▸ DATASET ENTRIES
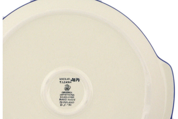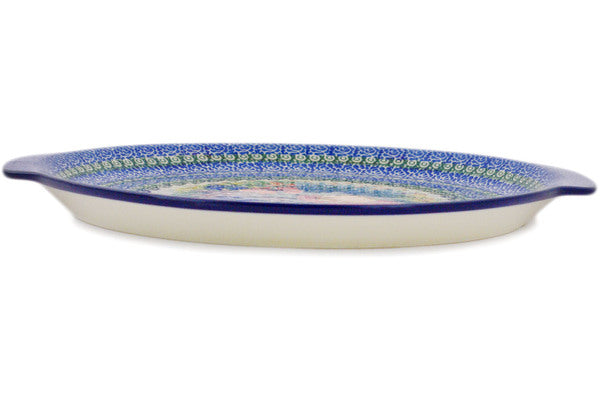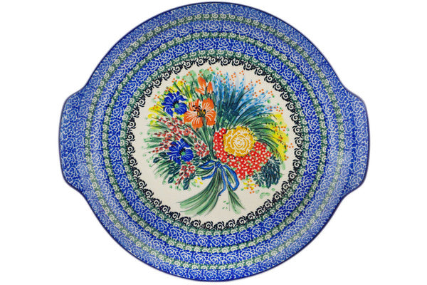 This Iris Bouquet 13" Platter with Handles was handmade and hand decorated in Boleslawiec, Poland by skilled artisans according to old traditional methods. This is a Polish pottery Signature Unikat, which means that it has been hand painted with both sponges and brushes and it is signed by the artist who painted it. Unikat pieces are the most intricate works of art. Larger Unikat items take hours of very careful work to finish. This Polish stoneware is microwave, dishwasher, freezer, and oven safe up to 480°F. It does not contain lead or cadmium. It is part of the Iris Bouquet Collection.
...
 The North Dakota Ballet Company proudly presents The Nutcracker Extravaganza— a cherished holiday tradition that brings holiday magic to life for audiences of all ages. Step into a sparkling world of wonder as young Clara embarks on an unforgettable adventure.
---
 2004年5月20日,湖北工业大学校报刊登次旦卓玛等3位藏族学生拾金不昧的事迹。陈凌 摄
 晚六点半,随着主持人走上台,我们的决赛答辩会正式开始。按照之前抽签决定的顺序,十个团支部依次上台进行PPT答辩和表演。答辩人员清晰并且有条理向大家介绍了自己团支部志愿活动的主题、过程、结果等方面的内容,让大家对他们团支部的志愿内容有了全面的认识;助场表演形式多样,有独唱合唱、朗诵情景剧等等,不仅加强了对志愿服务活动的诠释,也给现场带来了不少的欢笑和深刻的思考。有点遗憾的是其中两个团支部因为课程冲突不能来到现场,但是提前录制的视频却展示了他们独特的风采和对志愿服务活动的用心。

▸ GOAL OF THE EXERCISE
Leave out every line above except those from the line with "2004年5月20日,湖北工" up to and including the line with "晚六点半,随着主持人走上台,我们的决赛答", and copy those exactly.

▸ RESULT OF THIS EXERCISE
 2004年5月20日,湖北工业大学校报刊登次旦卓玛等3位藏族学生拾金不昧的事迹。陈凌 摄
 晚六点半,随着主持人走上台,我们的决赛答辩会正式开始。按照之前抽签决定的顺序,十个团支部依次上台进行PPT答辩和表演。答辩人员清晰并且有条理向大家介绍了自己团支部志愿活动的主题、过程、结果等方面的内容,让大家对他们团支部的志愿内容有了全面的认识;助场表演形式多样,有独唱合唱、朗诵情景剧等等,不仅加强了对志愿服务活动的诠释,也给现场带来了不少的欢笑和深刻的思考。有点遗憾的是其中两个团支部因为课程冲突不能来到现场,但是提前录制的视频却展示了他们独特的风采和对志愿服务活动的用心。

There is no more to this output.